After formation of the spiral coil lamination as described in the previous paragraph, the spiral coil lamination is bundled with a metal band so that the described multi-level spiral configuration (geometry) does not collapse and is then batch annealed in a final annealing furnace to manufacture the end user spiral coil lamination as disclosed in paragraph [0045] of international patent application PCT/JP2016/054163.
A second method of producing a lay stack of annealed copper (or other metal) tubing is to process a continuous length of hard copper tubing equal to the length of continuous tubing in the desired end user lay stack of annealed copper tubing through an annealing heating device, such as an electric inductor (also referred to as an induction coil) annealing system to heat anneal the tubing and then coil the linear length of annealed tubing into a lay stack with a coil stack casting arm as known in the art that feeds the annealed copper tubing into a receiving mechanism as known in the art with a particular multi-layer spiral configuration (or geometry). In this annealing process the method of winding the layers (or levels) of the lay stack of annealed metal tubing is preferably accomplished to facilitate drawing of the annealed metal tubing from the lay stack by the end user.

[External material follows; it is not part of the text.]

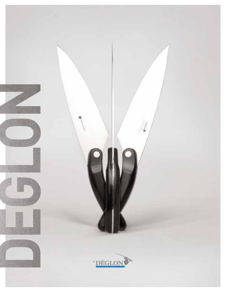 Depuis 1921, mon grand-père, mon père et moi-même nous sommes impliqués avec passion au coeur de la coutellerie thiernoise. De la création du premier atelier par Jean Déglon à l’implantation industrielle actuelle, nous nous sommes toujours appuyés sur un savoir-faire exigeant et sur une créativité unique. C’est ainsi que nous avons gagné la confiance d’une clientèle de professionnels très attentifs à la qualité de leurs outils. Nous avons eu l’honneur de célébrer nos 90 ans d’existence en 2011, entourés d’un grand nombre de nos partenaires et de nos proches. Je tiens à cette occasion à féliciter les générations de femmes et d’hommes consciencieux et fiers de leur travail qui ont amplement contribué à notre réussite. Gardant toujours un temps d’avance, Déglon a su évoluer à travers les époques et s’imposer comme une référence internationale en termes de qualité et d’innovation, et ce dès ses débuts. Confiant dans notre potentiel actuel, et avec l’appui de nos partenaires distributeurs et fournisseurs, je peux d’ores et déjà vous garantir un futur plein de promesses pour les 90 prochaines années. Je vous invite à parcourir notre nouveau catalogue, au fil duquel vous pourrez découvrir nos récentes innovations ainsi que nos incontournables. Since 1921, my grand-father, my father and myself have been passionately involved at the heart of Thiers’ cutlery. From the first workshop founded by Jean DEGLON to the current industrial site, we always relied on an exacting know-how and an unique creativity. This is how we acquired the trust of our professional customers, demanding on the quality of their tools. It has been a great honor of celebrating our 90th anniversary in 2011, with many of our partners and friends, and to enjoy this opportunity to congratulate the generations of proud and conscientious women and men who contributed to our success. Always keeping one step ahead, DEGLON has known how evolving through time and how establishing itself as an international reference in terms of quality and innovation. Confident in our capacities and in the support of our partners, suppliers and distributors, I can already guarantee a promising future for the next 90 years. I invite you to browse our catalog, over which you will discover our recent novelties as well as our essential items. Sommaire Bien choisir son couteau....................... p.6 Affutage........................................................................................p.45 Innovation...................................................................................... p.8 Pratique.........................................................................................p.51 Communication................................................................... p.9 Office.....................................................................................................p.56 Aider à mieux vendre....................................p.10 Table / steak......................................................................p.58 Tous en cuisine..............................................................p.13 Ecole hotelière.......................................................... p63 Viande & poisson......................................................p.25 Concept.............................................................................................p.76 Fromage & dessert.............................................p.35 Index.........................................................................................................p.87 A votre service............................................................p.40 Références.............................................................................p.89 Paris Thiers deglon s.a.s ZONE INDUSTRIELLE DE FELeT - BP64 63307 THIERS CEDEX - FRANCE tél. : +33 (0)4 73 80 44 99 fax : +33 (0)4 73 51 09 38 mail : [email protected] www.deglon.com 3/92 Une histoire de tradition et d’ innovation jean déglon rené déglon d’un début prometteur... A une entreprise d’envergure Jeune ingénieur suisse, Jean Déglon arrive à Thiers au début du 20ème siècle et se découvre une passion pour l’art séculaire de la coutellerie. Entrepreneur dans l’âme, il crée sa propre société en 1921. Visionnaire, Jean opte pour la coutellerie de table avec une production de très haute qualité. Magasins de coutellerie, quincailleries et grands magasins des quatre coins de France deviennent des clients fidèles. Officiant à ses côtés, son fils René entreprend le développement du réseau de distribution à l’étranger, notamment aux Etats-Unis, où la marque rencontre un franc succès.... En 1980, Thierry Déglon prend les rennes de l’entreprise, perpétuant un savoir-faire d’exception. Sous son impulsion, la société se spécialise dans la coutellerie professionnelle et se positionne parmi les leaders du marché. Ayant à coeur de simplifier le quotidien des utilisateurs, la marque mise sur l’innovation et la recherche pour se démarquer de la concurrence. A story combining tradition and innovation From a promising start... During the interwar, young Swiss engineer Jean Déglon settles in Thiers and discovers a passion for the secular art of cutlery. An entrepreneur at heart, he founds his own company in 1921 and commits to produce high quality cutlery. All around the country, cutlery shops, hardware stores and department stores quickly become loyal customers. Working by his side, his son René undertakes to develop the distribution network abroad, particularly in the United States where the brand meets with a great success. ...To a major player. In 1980, Thierry Déglon takes the head of the firm and perpetuates its exceptional know-how. Under his leadership, the company gets specialized in the professional cutlery and gets quickly ranked among the market leaders. Dedicated to ease the daily use of its knives, Déglon focuse
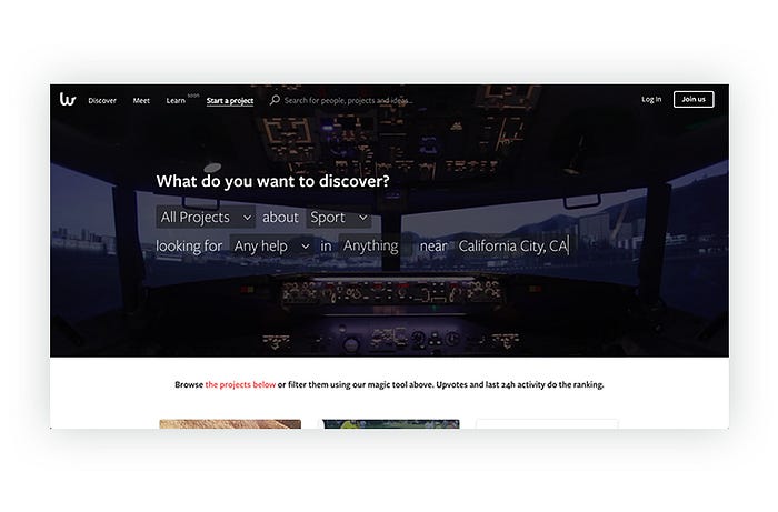 Proje tanıtım ve destek içeriğine sahip Wittycircle çatısı altında yeni projelerin tanıtıldığı Discover sayfasının karşılama ekranı, arka planında proje sahiplerine ait videoları, üzerinde cümle içinde form alanlarını kullanıcılarına “Ne keşfetmek istersiniz?” mesajıyla birlikte veriyor. Video, tipografi ve form deneyimiyle arayüz tasarımında akılda kalıcı olmayı başarıyor.

Most generally the final end user lay stack product of annealed copper tubing consists of adjacent horizontally wound layers of annealed tubing laid down in alternating “outer-radius to inner-radius” winding layers and “inner-radius-to-outer-radius” winding layers.
The end user (final product) lay stack of annealed copper tubing produced by either method can be optionally packaged with support structures to retain the original spirally wound configuration or geometry. However in many instances the packaging of the final product comprises placing the multi-layer spiral configuration of continuous annealed copper tubing (hard copper tubing in the first method above and annealed copper tubing in the second method) on a suitable flat transport structure, such as a pallet, without additional support structures and then shrinking wrapping (or otherwise containing) the lay stack of annealed copper tubing to the flat transport structure for shipping to the end user.